It was somewhere between not too long ago, and a lifetime ago that I was graduating high school and entering College and pondering that dreaded question, “what do you want to be when you grow up?”  As a child I had loads of ambition and diverse career choices, ranging from circus acrobat to pediatric cardiologist, to artist.

My fear of heights limited my acrobatics career, and the theory that artists only become famous when they’re dead, led me to follow my passion for technology. This led me to my 11-year career at Cisco.  I am very happy with my opportunity, and continue each day to learn something new. I have had wonderful mentors along the way, especially female mentors, such as Cisco’s VP Global Operations, Juli Clark.

My mom was a single mom, and although she worked 24 years for the NY Board of Education, I clearly remember her joking around saying, “I still don’t know what I want to be when I grow up”.  She has always had a strong will, and curiosity to try new things. She also encouraged me to get a college degree (first in my family) and inspired me that I could be anything I wanted to be when I grow up, sky’s the limit.

I have always loved technology, in fact, I would stay late at our school computer labs while my mom worked, and often won the “computer awards” beginning as far back as Elementary school.

I am very excited to now sit on the CompTIA Community Executive Board and serve as Chair of the CompTIA Advancing Women in IT Community. I am a long standing member of the National Women in Technology Group, where I have given speeches for young women in technology. Moreover, I actively give back to the community and am an advocate for U Touch – an organization focused on transforming lives in disadvantaged regions by providing Technology, Training and eMentoring. I also work with the nonprofit TechGirlz which helps to empower middle school girls to become tomorrow’s technology leaders​​. By putting tech directly in to their ​hands through free, project based workshops, and aiming to eliminate the gender gap by sparking a passion for tech early​ in girls’ lives it has inspired them to become interested in technology. ​ ​ ​

It’s no secret there’s a shortage of women working in IT. While this is a complex problem, with a whole many factors influencing the current makeup of the employee landscape, there’s one point that seems to get brought up repeatedly, often accused of being the main culprit responsible for this deficiency—there are no careers in IT that appeal to young girls. And if young girls can’t get excited about IT, how are we supposed to get more women involved in the profession? Of course the truth is you can leverage a career in IT to find work in a huge variety of industries. Whether it’s a user experience designer or engineer, interested young girls can pursue a career in IT that will take them just about anywhere.

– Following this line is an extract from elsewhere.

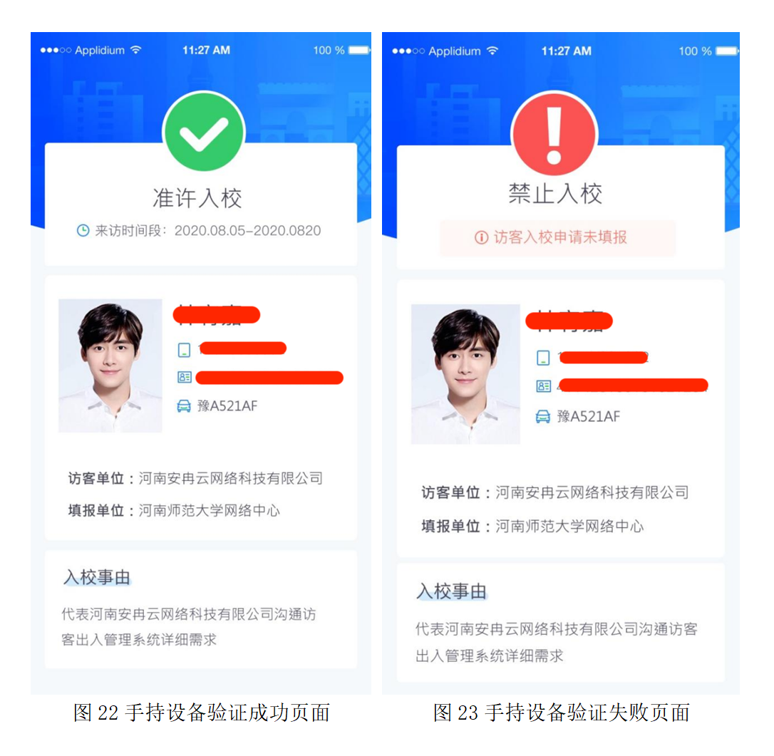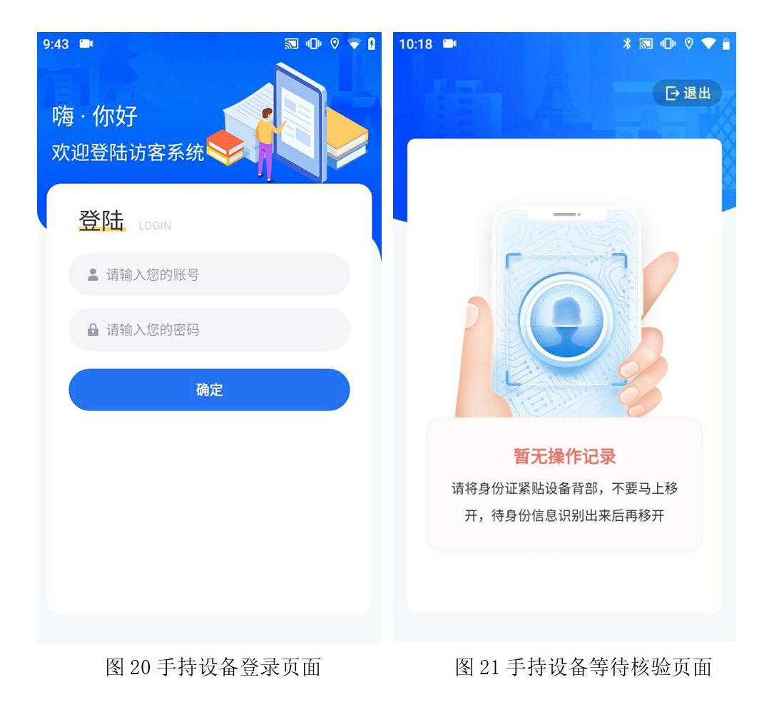 手持设备APP安装好以后直接打开进入登录页,使用门岗班组账号、密码进行登录(如图20),登录成功以后进入等待核验页面(如图21)即可进行访客身份核验。核验结果分为两种:一种是访客信息验证通过准许入校(如图22),一种是访客信息验证失败。
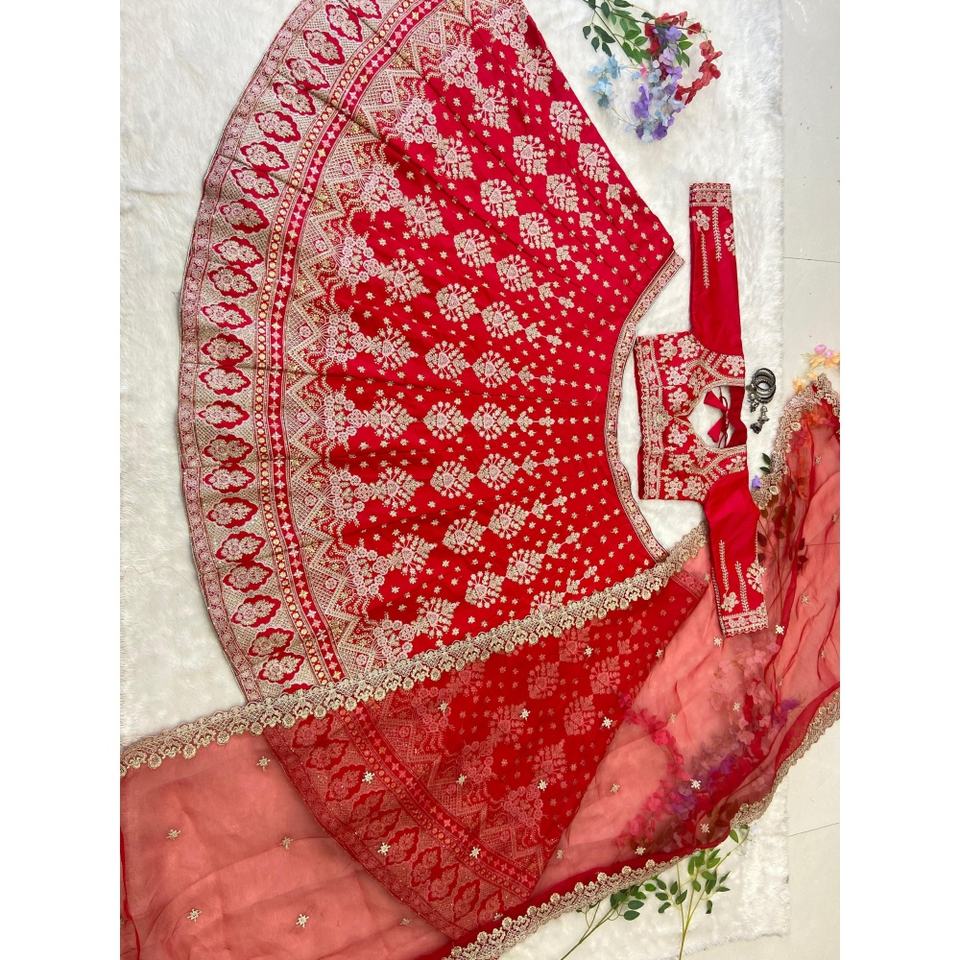 Vestidos de Novia de Diseñador - Hermoso Lehenga Choli con Bordado de Hilo

While the stereotype of a career in IT may be that of the “nerdy” professional who never sees the light of day, hard at work deep in a cubicle in their company’s IT department, the reality is far different. Today’s IT professional has an incredible number of career options in a vast number of industries and varied careers within IT organizations such as Cisco. These professions sometimes offer some great travel opportunities, lucrative career growth, the ability to meet new people and develop diverse skills, and you are constantly learning something new as technology is always changing and never stagnant.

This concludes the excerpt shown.